[What the task asks] Using the listing below, give again exactly the lines from the line with "about 15 seconds." to the line with "シャープは40V型台モデルで", inclusive, without the pictures.

─── Available data ───

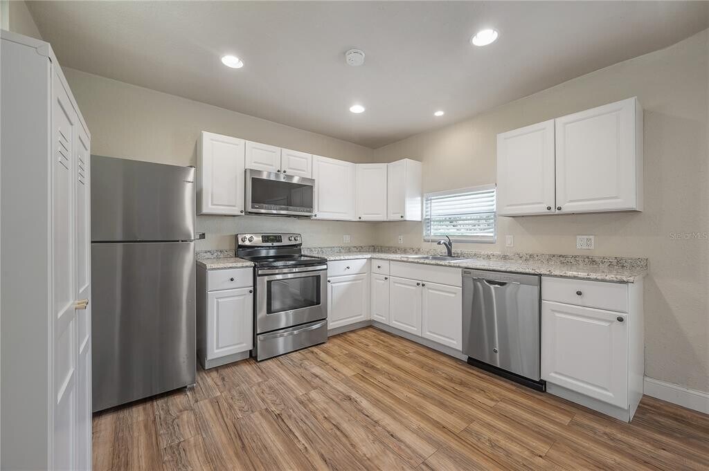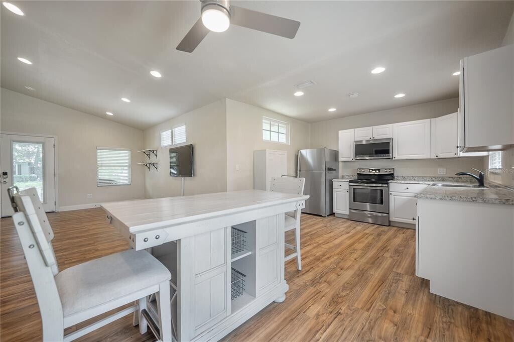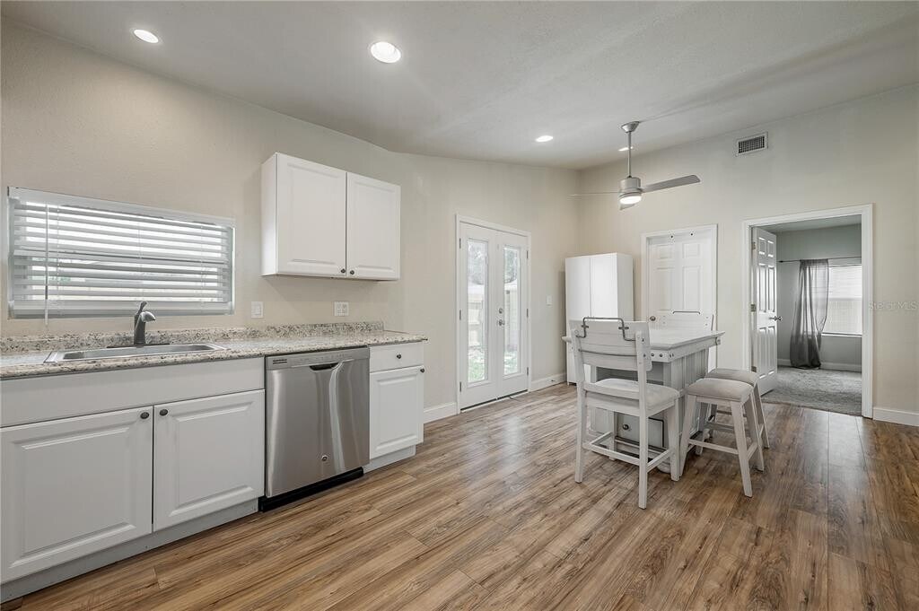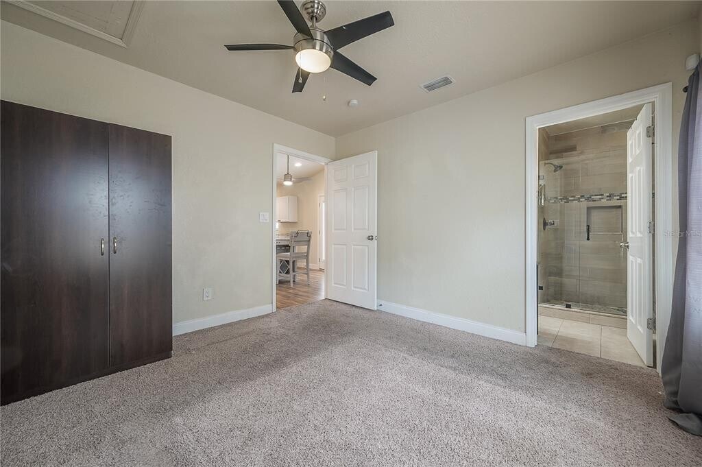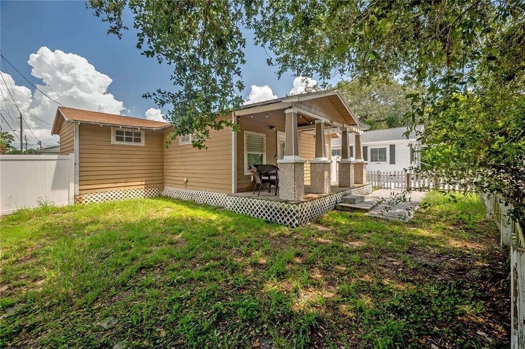 Available now,this charming Seminole Heights bungalow offers 2 bedrooms and 2 bathrooms with an open floor plan and vaulted ceilings. The family and dining room combination flows seamlessly into the kitchen,which features stainless steel appliances and granite countertops. Wood laminate flooring runs throughout the main living areas,while the master bedroom is carpeted and includes an en-suite bathroom with a walk-in tiled shower. The private,fenced backyard provides ample space for relaxing or entertaining and includes a detached garage perfect for additional storage. Located on a quiet street with extra parking and friendly neighbors,this home is in a prime location just minutes from Seminole Heights shops,restaurants,breweries,Armature Works,ZooTampa,Downtown Tampa,Hyde Park,and Tampa International Airport. MLS# TB8414587
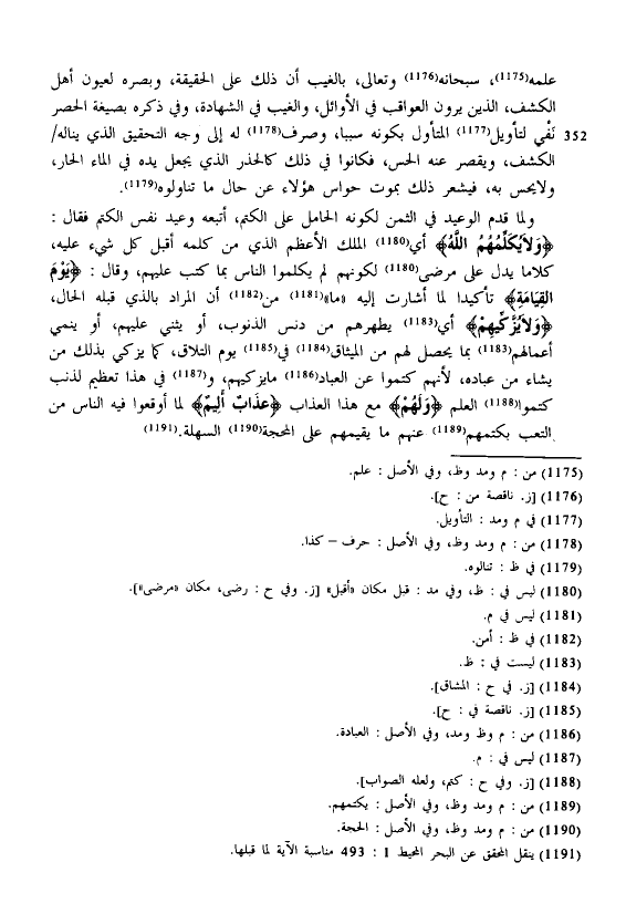 ولما قدم الوعيد في الثمن لكونه الحامل على الكتم، أتبعه وعيد نفس الكتم فقال: {وَلَا يُكَلِّمُهُمُ اللَّهُ} أي الملك الأعظم الذي من كلمه أقبل كل شيء عليه، كلاما يدل على مرضى لكونهم لم يكلموا الناس بما كتب عليهم، وقال: {يَوْمَ الْقِيَامَةِ} تأكيدا لما أشارت إليه "ما" من أن المراد بالذي قبله الحال، {وَلَا يُزَكِّيهِمْ} أي يطهرهم من دنس الذنوب، أو يثني عليهم، أو ينمي أعمالهم بما يحصل لهم من الميثاق في يوم التلاق، كما يزكي بذلك من يشاء من عباده، لأنهم كتموا عن العباد ما يزكيهم، وفي هذا تعظيم لذنب كتموا العلم {وَلَهُمْ} مع هذا العذاب {عَذَابٌ أَلِيمٌ} لما أوقعوا فيه الناس من التعب بكتمهم عنهم ما يقيمهم على المحجة السهلة.
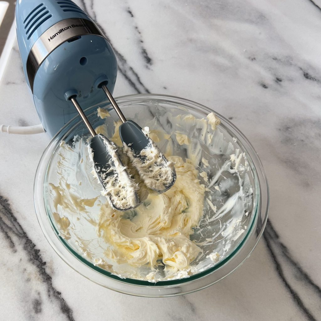 *Tip: It is really important that your cream cheese is not cold. I tend to be very impatient in waiting for cream cheese to be room-temperature, so I often microwave the cream cheese. Remove the cream cheese from the foil and place on a glass plate. Cut the cream cheese into chunks, and microwave for about 15 seconds.
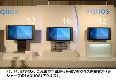 シャープは40V型台モデルでは、これまで45V型を1機種しか販売しておらず、この市場では苦しい戦いを強いられてきた。しかし、亀山第2工場モデル投入で「タマが揃った」(片山専務)として、巻き返しを図る。
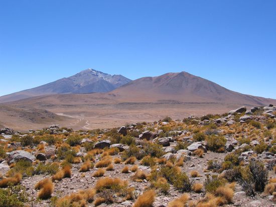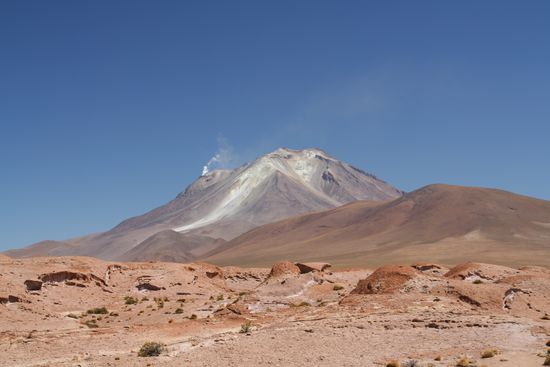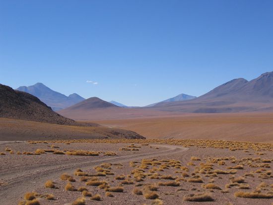 Immer zwischen 4.000 und 5.000 Metern Hoehe unterwegs (gut, dass wir seit Cusco schon auf Hoehen von 3.400 Metern und hoeher verweilen und aklimatisiert sind), wechselt die vulkanische Landschaft staendig und zwischendrin bekommt man auch noch teilweise sehr skurrile Sehenswuerdigkeiten zu sehen:
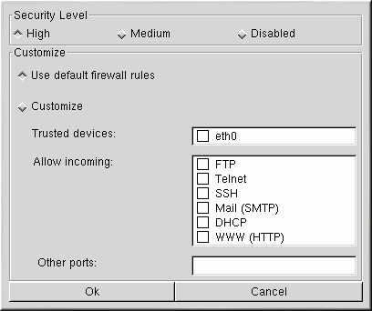 Cliquez sur le bouton Firewall pour configurer les paramètres du pare-feu du système. La fenêtre du pare-feu, indiquée dans la Figure 2-4, est identique à celle qui est utilisée dans le programme d'installation Red Hat Linux. Reportez-vous au Guide d'installation officiel Red Hat Linux pour x86 pour avoir plus d'informations sur la configuration des paramètres du pare-feu.
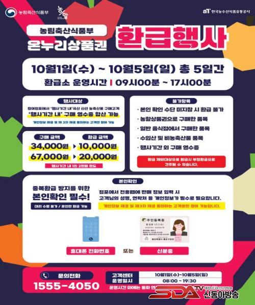 Çà»ç ±â°£ µ¿¾È ±¹³»»ê ½Å¼± ³ó¡¤Ãà»ê¹°À» ±¸¸ÅÇÑ ¼ÒºñÀÚ´Â ±¸¸Å ±Ý¾×¿¡ µû¶ó ÃÖ´ë 30% À̳»¿¡¼­ 1Àδç ÃÖ´ë 2¸¸ ¿ø±îÁö ¿Â´©¸®»óǰ±ÇÀ» ȯ±Þ¹ÞÀ» ¼ö ÀÖÀ¸¸ç, ±¸¸Å±Ý¾× 3¸¸ 4õ ¿ø ÀÌ»ó 6¸¸ 7õ ¿ø ¹Ì¸¸Àº 1¸¸ ¿ø, 6¸¸ 7õ ¿ø ÀÌ»óÀº 2¸¸ ¿øÀÌ È¯±ÞµÇ°í, ¿¹»ê ¼ÒÁø ½Ã Çà»ç´Â Á¶±â Á¾·áµÉ ¼ö ÀÖ´Ù.
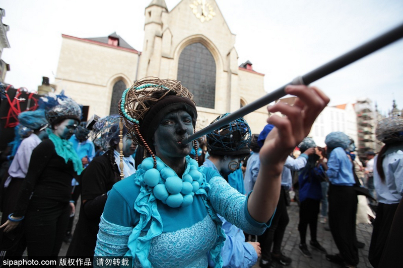 当地时间2016年5月21日,比利时布鲁塞尔,当地举行第9届Zinneke大游行,奇装异服引人围观。Sipaphoto
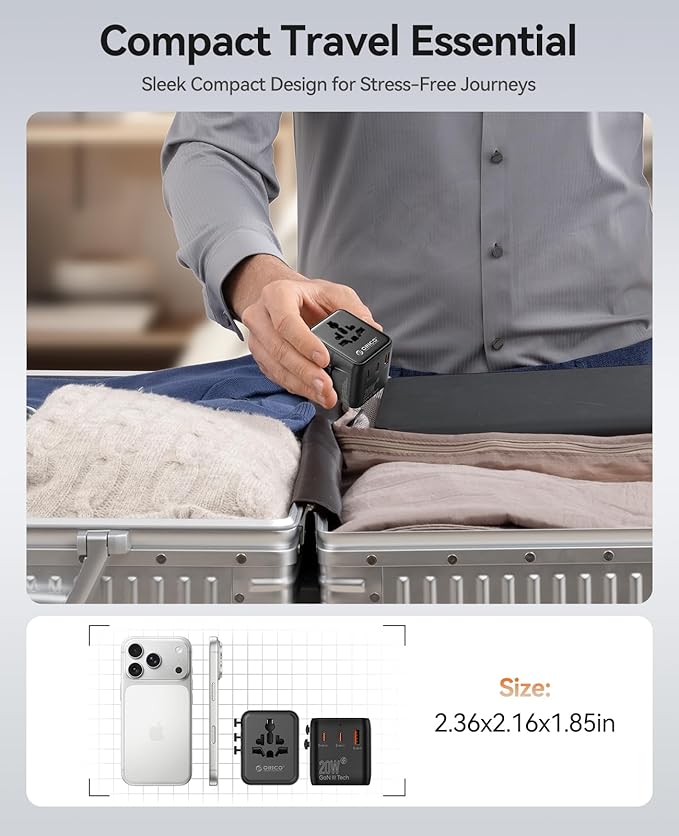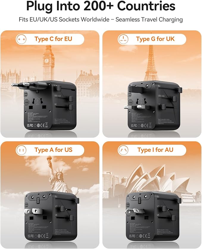 - 【Worldwide Power Adapter for Travel】ORICO universal travel adapter is equipped with 4 different plug types ((Type C/A/G/I) that could plug into the sockets of 200+ countries and regions across Europe, Asia, USA and Australia. This means that a tiny adapter can solve all the problems of converting plugs during your journey. so this travel essentials is suitable for your worldwide travel

───

[Your solution]
 *Tip: It is really important that your cream cheese is not cold. I tend to be very impatient in waiting for cream cheese to be room-temperature, so I often microwave the cream cheese. Remove the cream cheese from the foil and place on a glass plate. Cut the cream cheese into chunks, and microwave for about 15 seconds.
 シャープは40V型台モデルでは、これまで45V型を1機種しか販売しておらず、この市場では苦しい戦いを強いられてきた。しかし、亀山第2工場モデル投入で「タマが揃った」(片山専務)として、巻き返しを図る。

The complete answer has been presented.